Exercise prompt - Return only the lines of the data below from the line with "In addition, the" up to and including the line with "Worek szyty z", exactly as written, with the pictures omitted.

◇ ◇ ◇

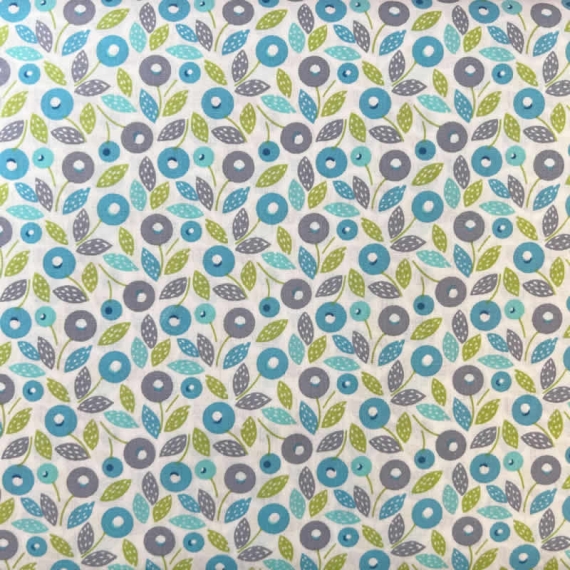 This is a 100% cotton fabric. This blue and green fabric is ideal for dressmaking, quilting and garden/outdoor projects.
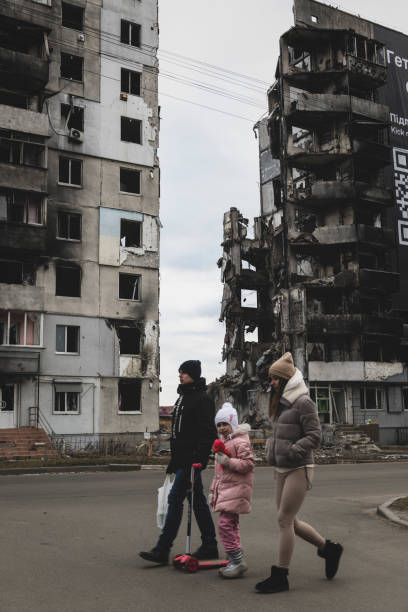 Фото: 5 марта 2023 года. Украинская семья прогуливается по центру Бородянки мимо жилого дома, который годом ранее подвергся бомбардировке в первые дни войны.
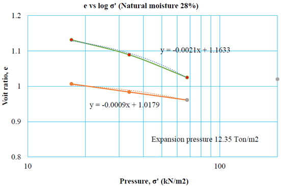 In addition, the expansion test is based on ASTM D 4546-2008 method B, which consists of placing an unaltered sample inside a consolidation ring in an odometer. An initial load is applied that is equal to the one in place and is saturated to allow the soil to expand. The test consists of loading several load intervals until the straight stretch of the compressibility curve is defined and then unloading the specimen in the same way in a period of 72 hours so that the swelling of the sample can finally be observed to obtain the change in volume, as well as the value of the expansion pressure.
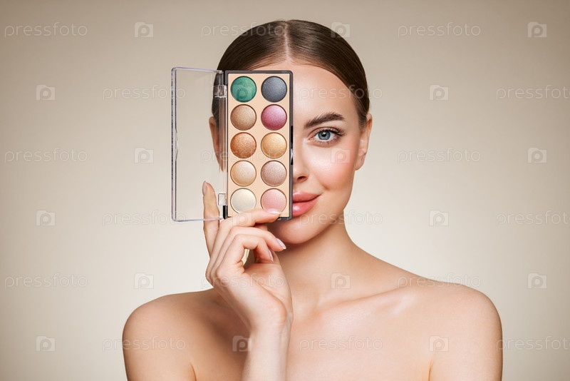 Женщина красоты с макияжной палитрой от теней для глаз
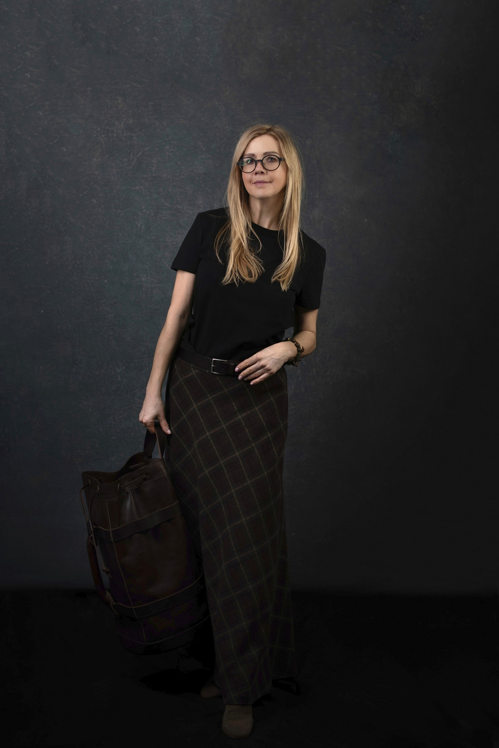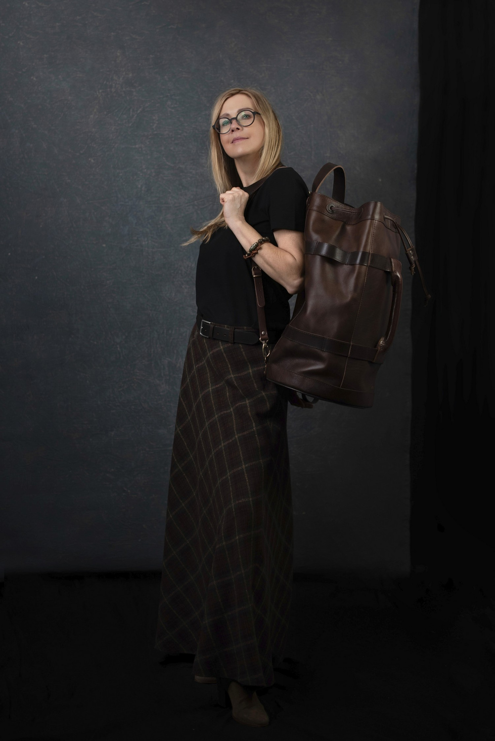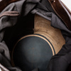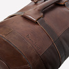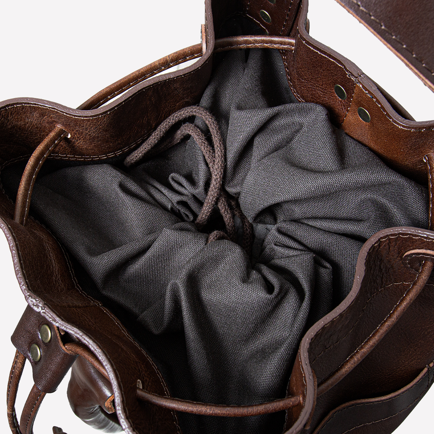 Worek szyty z trzech rodzajów grubej skóry naturalnej barwionej roślinnie w kolorze brązu Skóry pochodzą w większości z polskich garbarni, niektóre elementy w torbach szyte są ze skór z włoskich garbarni.
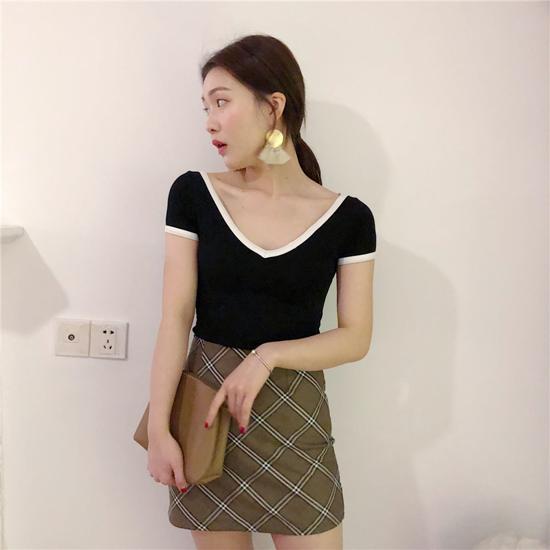 / 夏季新款女裝氣質拼色大V領修身顯瘦學生百搭短袖打底衫T恤上衣

◇ ◇ ◇

The completed task -
 In addition, the expansion test is based on ASTM D 4546-2008 method B, which consists of placing an unaltered sample inside a consolidation ring in an odometer. An initial load is applied that is equal to the one in place and is saturated to allow the soil to expand. The test consists of loading several load intervals until the straight stretch of the compressibility curve is defined and then unloading the specimen in the same way in a period of 72 hours so that the swelling of the sample can finally be observed to obtain the change in volume, as well as the value of the expansion pressure.
 Женщина красоты с макияжной палитрой от теней для глаз
 Worek szyty z trzech rodzajów grubej skóry naturalnej barwionej roślinnie w kolorze brązu Skóry pochodzą w większości z polskich garbarni, niektóre elementy w torbach szyte są ze skór z włoskich garbarni.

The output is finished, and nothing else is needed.